### Brief
Span requested from the data below: the line with "Roycebridal Long Sleeve" through the line with "Modern spacious lounge", both included. Give only these lines again, exactly, and leave every picture out.
[[ Information open ]]
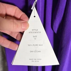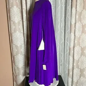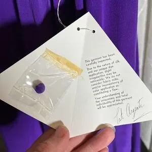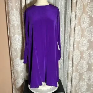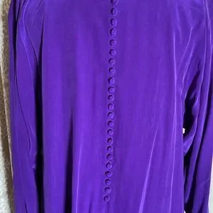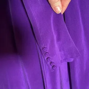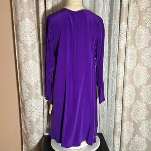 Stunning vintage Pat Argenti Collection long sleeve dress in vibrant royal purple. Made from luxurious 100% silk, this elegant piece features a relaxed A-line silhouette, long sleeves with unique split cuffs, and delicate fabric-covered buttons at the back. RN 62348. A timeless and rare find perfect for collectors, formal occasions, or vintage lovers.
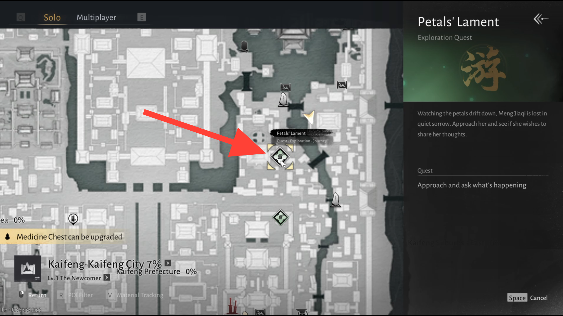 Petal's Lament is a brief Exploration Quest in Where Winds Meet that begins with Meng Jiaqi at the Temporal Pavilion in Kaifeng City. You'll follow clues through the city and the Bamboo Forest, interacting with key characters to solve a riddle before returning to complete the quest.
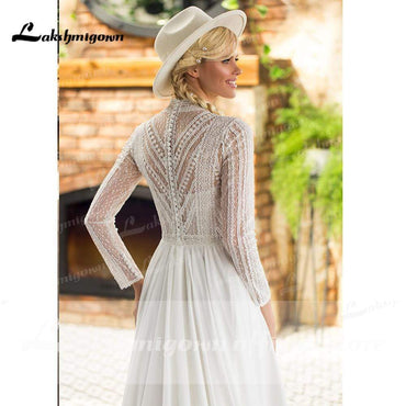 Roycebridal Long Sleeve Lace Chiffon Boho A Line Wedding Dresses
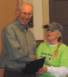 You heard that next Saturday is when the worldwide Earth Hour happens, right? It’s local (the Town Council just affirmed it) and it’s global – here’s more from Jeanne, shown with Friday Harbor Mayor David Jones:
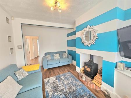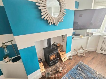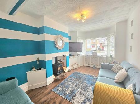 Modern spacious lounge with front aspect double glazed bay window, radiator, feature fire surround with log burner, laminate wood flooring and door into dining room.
[[ Information closed ]]
[[ Information open ]]
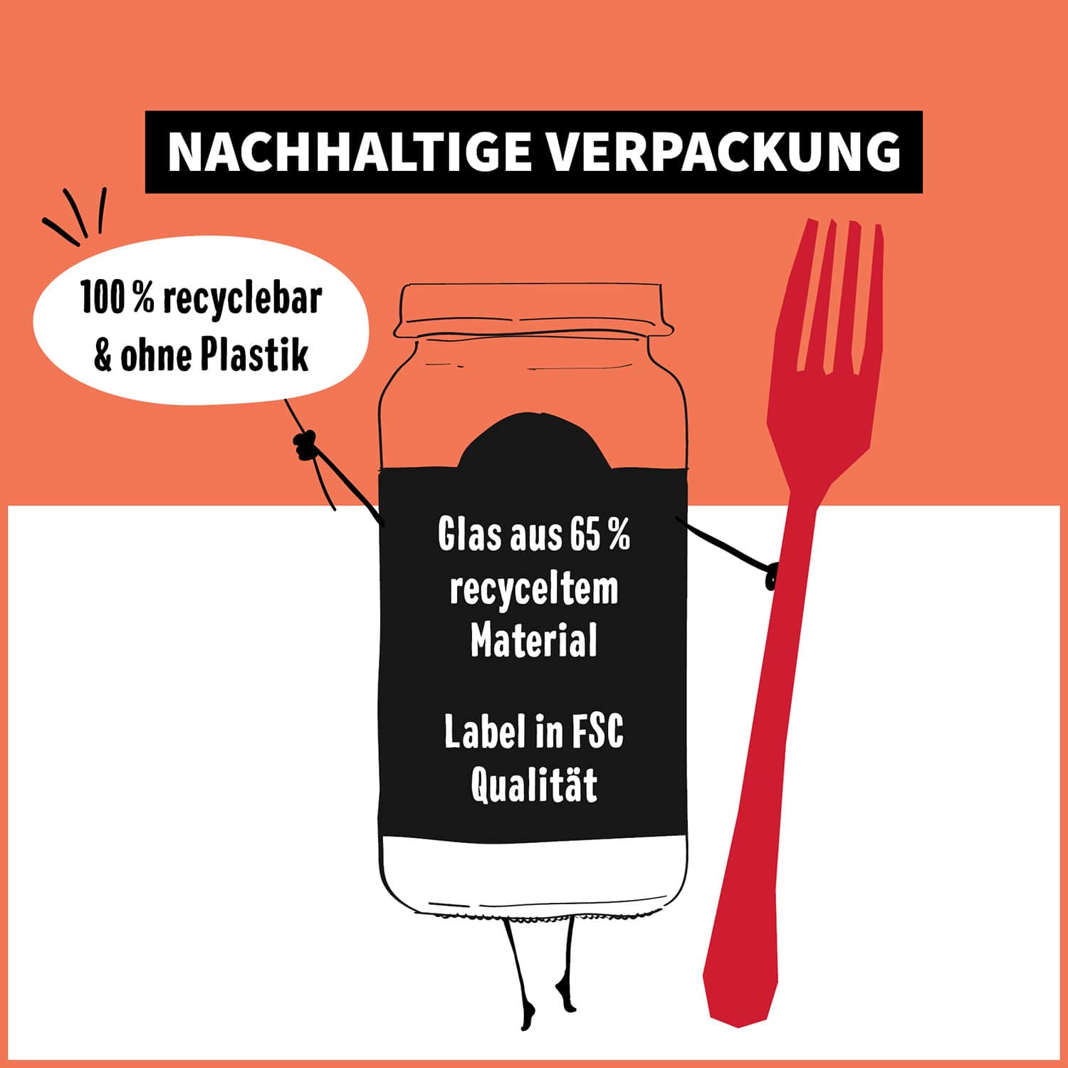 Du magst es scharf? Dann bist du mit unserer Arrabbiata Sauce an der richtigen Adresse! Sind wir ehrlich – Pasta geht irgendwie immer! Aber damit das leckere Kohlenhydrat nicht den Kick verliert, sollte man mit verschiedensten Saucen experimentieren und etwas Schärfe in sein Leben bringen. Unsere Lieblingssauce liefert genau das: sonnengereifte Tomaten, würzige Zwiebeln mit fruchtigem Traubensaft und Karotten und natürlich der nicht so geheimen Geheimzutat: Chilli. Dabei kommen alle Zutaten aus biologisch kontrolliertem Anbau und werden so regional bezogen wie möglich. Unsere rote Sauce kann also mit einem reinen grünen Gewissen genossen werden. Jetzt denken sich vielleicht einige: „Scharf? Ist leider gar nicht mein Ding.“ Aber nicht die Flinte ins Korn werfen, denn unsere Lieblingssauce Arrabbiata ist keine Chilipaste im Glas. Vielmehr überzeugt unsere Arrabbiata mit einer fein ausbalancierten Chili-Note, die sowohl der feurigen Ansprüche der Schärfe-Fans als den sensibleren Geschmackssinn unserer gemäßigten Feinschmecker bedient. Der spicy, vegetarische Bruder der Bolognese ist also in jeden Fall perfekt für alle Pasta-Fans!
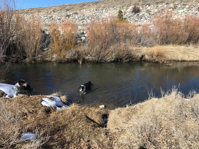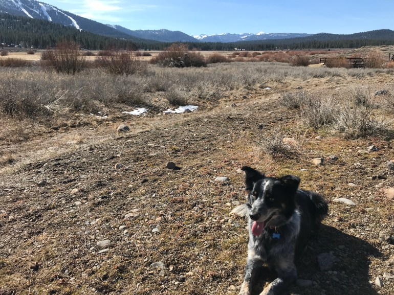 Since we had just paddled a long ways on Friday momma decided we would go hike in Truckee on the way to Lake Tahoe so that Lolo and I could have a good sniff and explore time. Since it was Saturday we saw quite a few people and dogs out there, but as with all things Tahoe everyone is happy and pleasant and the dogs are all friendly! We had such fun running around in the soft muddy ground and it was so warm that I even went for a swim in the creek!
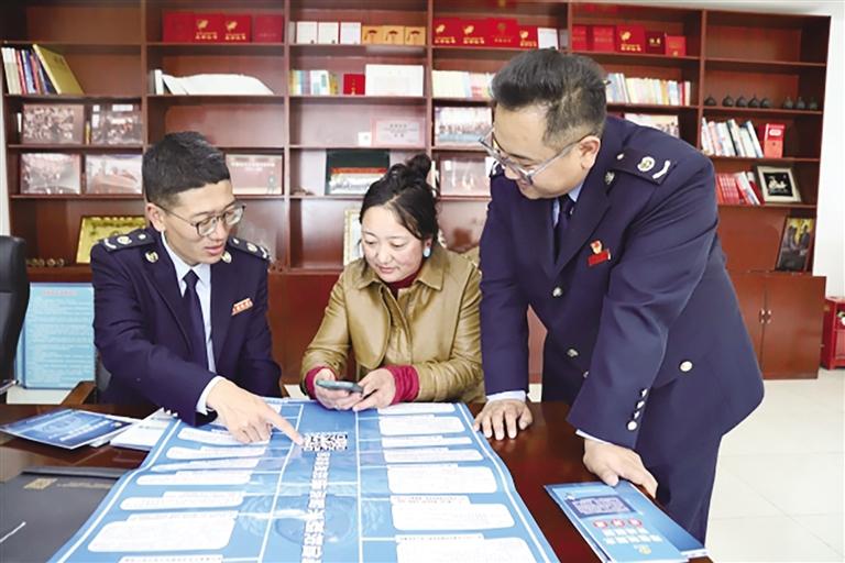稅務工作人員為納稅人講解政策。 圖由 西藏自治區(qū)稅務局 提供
[[ Information closed ]]
[[ Information open ]]
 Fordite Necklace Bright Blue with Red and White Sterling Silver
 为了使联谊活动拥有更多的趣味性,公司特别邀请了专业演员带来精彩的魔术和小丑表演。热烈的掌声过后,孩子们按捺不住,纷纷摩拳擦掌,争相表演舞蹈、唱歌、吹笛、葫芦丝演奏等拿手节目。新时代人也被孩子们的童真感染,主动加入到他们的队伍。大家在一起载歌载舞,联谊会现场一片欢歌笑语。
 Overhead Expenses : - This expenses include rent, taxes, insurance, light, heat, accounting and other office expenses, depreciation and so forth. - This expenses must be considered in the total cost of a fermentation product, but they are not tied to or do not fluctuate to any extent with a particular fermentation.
[[ Information closed ]]
### Written answer
 Roycebridal Long Sleeve Lace Chiffon Boho A Line Wedding Dresses
 You heard that next Saturday is when the worldwide Earth Hour happens, right? It’s local (the Town Council just affirmed it) and it’s global – here’s more from Jeanne, shown with Friday Harbor Mayor David Jones:
 Modern spacious lounge with front aspect double glazed bay window, radiator, feature fire surround with log burner, laminate wood flooring and door into dining room.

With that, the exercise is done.